AKU bangga berbahasa Indonesia. Makna bahasa secara harfiah adalah alat komunikasi yang menimbulkan lambang bunyi dan arti. Sedangkan menurut KBBI (Kamus Besar Bahasa Indonesia), bahasa adalah sistem lambang bunyi yang digunakan oleh kelompok masyarakat untuk berinteraksi, bekerja sama, dan mengidentifikasi diri.

Bahasa memiliki peran yang sangat penting. Bahasa merupakan identitas suatu negara. Bahasa Indonesia semakin menjelaskan identitas kita di hadapan negara lain. Berbanggalah pada negara kita karena kita telah memiliki bahasa sendiri dan mampu menjadikan bahasa Indonesia memiliki nama di dunia.

Bangsa Indonesia terdiri atas berbagai macam suku. Bahasa Indonesia berfungsi sebagai pemersatu masyarakat Indonesia sendiri dan hal tersebut telah diakui sebagai bahasa nasional. Bahasa Indonesia sebagai bahasa persatuan Indonesia tertuang dalam isi Sumpah Pemuda 28 Oktober 1928 yang menyebutkan bahwa putra putri Indonesia bangga berbahasa Indonesia.

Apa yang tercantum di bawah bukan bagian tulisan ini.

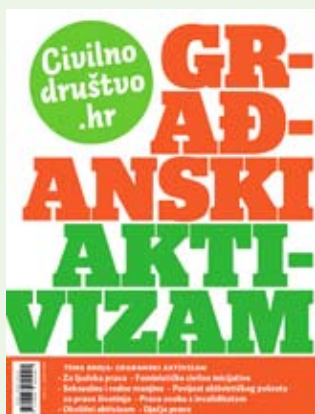
CIVILNO DRUŠTVO.HR, JESEN 2007.
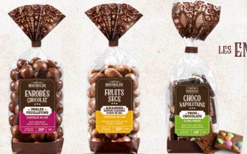
TURB10017 PERLES FEUILLETINE CHOCOLAT AU LAIT SACHET 200G
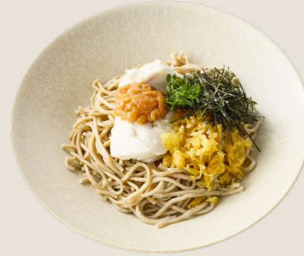
自家製とうふと南高梅のそば ¥880
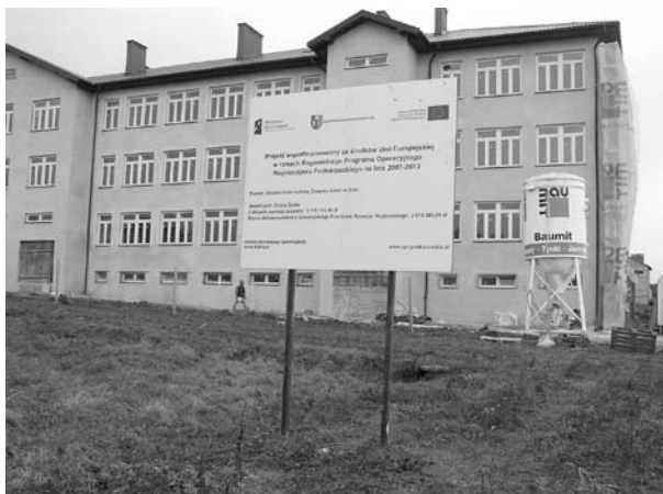
Nowobudowany Zespół Szkół w Dukli

Trwają prace wykończeniowe przy nowobudowanym Zespole Szkół w Dukli (gimnazjum i liceum). Zadanie to jest współfinansowane z Regionalnego Programu Operacyjnego Rozwoju Województwa Podkarpackiego 2007 - 2013. Wysokość dofinansowania wynosi 2 600 tys. zł. Termin zakończenia inwestycji to 31 sierpnia 2010.

Atas dasar beberapa pernyataan di atas, sudah sepantasnya jka kita bangga dan menjaga apa yang telah mejadi milik kita. Namun kenyataan memang tak dapat dipungkiri. Kendati telah diterapkan aturan kebakuan dalam berbahasa tapi tetap saja aturan itu tidak diterapkan dengan benar oleh masyarakat kita sendiri. Pengingkaran tersebut disebabkan oleh pengetahuan masyarakat yang kurang  atau memang sudah sifat dasar manusia yang terbiasa meninggalkan kondisi yang dianggap kurang mendkung gaya hidup mereka. Ibarat kata  ke langit tak sampai ke bumi tak nyata, masyarakat hanya mengenal bahasa hanya setengah-setengah, sehingga banyak kesalahpahaman yang terjadi. Gejala ini dirasakan semakin lama semakin nyata.

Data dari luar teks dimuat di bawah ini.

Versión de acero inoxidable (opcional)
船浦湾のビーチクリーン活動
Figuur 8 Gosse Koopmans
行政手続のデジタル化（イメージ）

Ada beberapa kendala terhadap penggunaan bahasa Indonesia secara kaidah kebahasaan. Kendala yang pertama datang dari factor luar. Kecenderungan mengunggulkan identitas asing akhir-akhir ini telah menjadi kebiasaan masyarakat kita. Pemakaian tulisan asing sebagai lambang kekinian dan menganggap bahwa bahasa sendiri kampungan membuat luntur citra dan identitas bangsa.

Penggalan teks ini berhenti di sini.